The same caution about firmly-believed assumptions, and the same questionableness of word-meanings, apply when speaking of the "reality" or "existence" of the physical world and its events.
In other words, what would it mean to say that the physical world, as a whole is existent, and that it and its events are real? Surely those words only have meaning with respect to a context. In what context do we speak of the whole universe? What do we mean if we say that it has absolute, primary and fundamental existence and reality?
Likewise, what would it mean to say that you, as experiencer, as the implied subject of the from-the-inside view of a biological organism, are a physical thing? As before, the thought-experiment was intended to show the questionableness of word meanings and assumptions in that matter. Is the implied subject of the from-the-inside view of computer-simulated person a physical thing too?
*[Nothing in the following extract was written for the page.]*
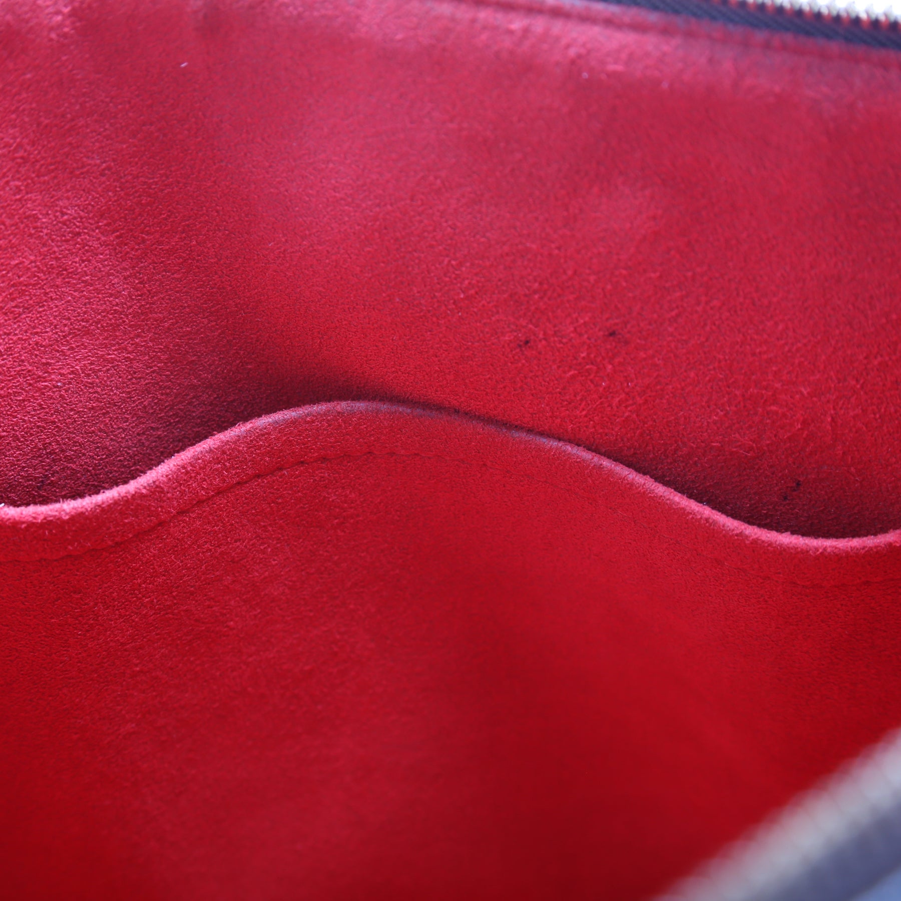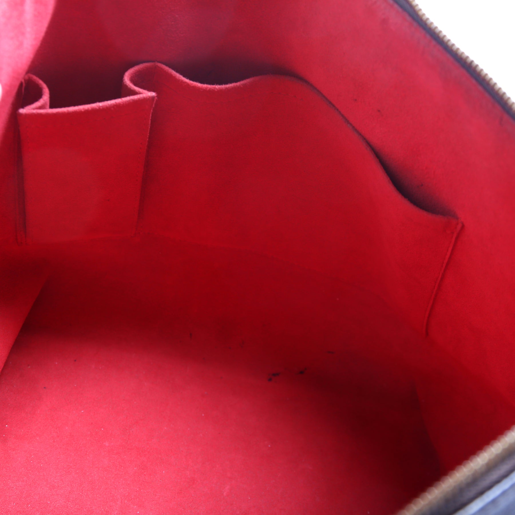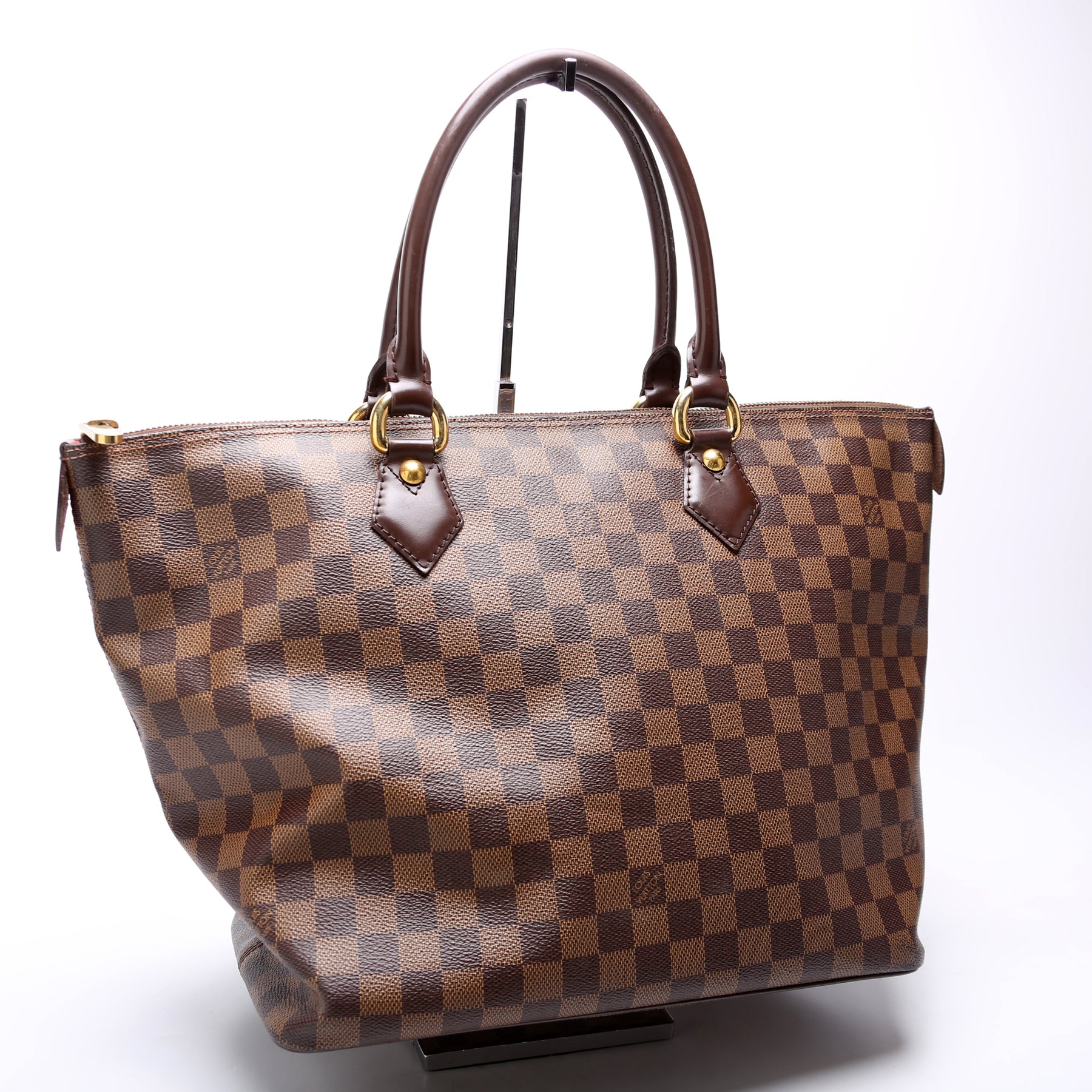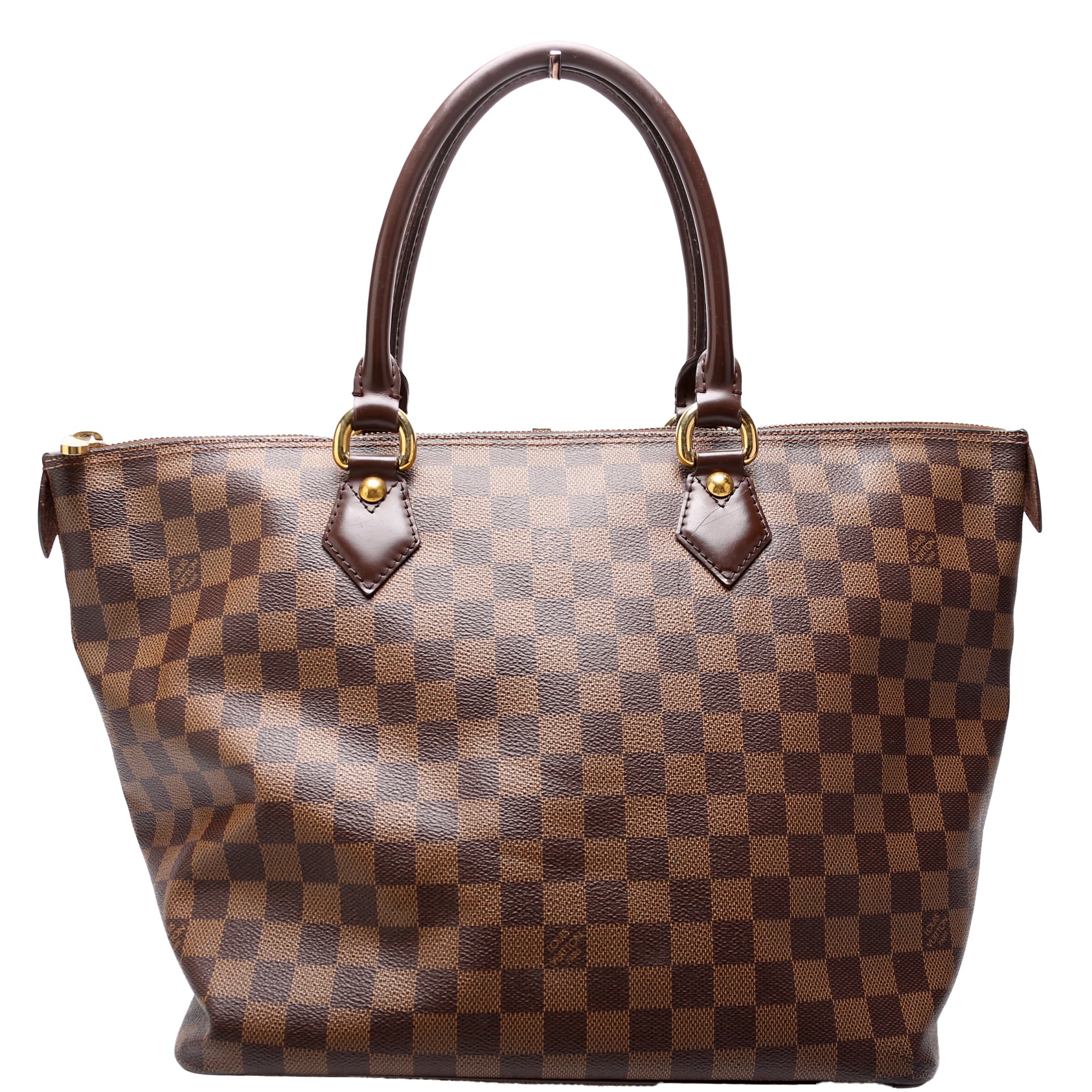 This pre-owned Louis Vuitton Saleya MM is guaranteed 100% authentic. The exterior is in the classic Louis Vuitton Damier Ebene coated canvas.

If the simulation accurately emulates your brain, why shouldn't we be able to speak of a self associated with it, just as your self is associated with your brain? And what if we're talking about a hypothetical person in a hypothetical possibility story, a possibility-story that could be, but might not be, simulated in a computer? Why should it matter if the simulation is or isn't being done? (...other than that a simulated story can be watched by the computer-operator). Isn't it just as meaningful to speak of the subject of the from-the-inside view of an organism in that possibility-story, regardless of whether the possibility-story is run on a computer?
Some are uncomfortable with the questionableness implied by this approach, and with not having physicality as an absolute firm reality. But questionableness is the nature of assumptions. And assumptions and terminology are only applicable within particular limited venues.
Expecting assumptions useful in the context of practical worldly life to be valid in these broader areas is inapprorpriate. There, we should ask ourselves "what it means" to say something, and what we mean by it.
As for your question of whether you are your mind, that depends....how do you define "you", "your mind", "perception", and "reality".
Yes, and some of those are difficult or impossible to define, making any assumptions or conclusions questionable. Nothing wrong with that. We should accept questionableness in philosophical matters such as these.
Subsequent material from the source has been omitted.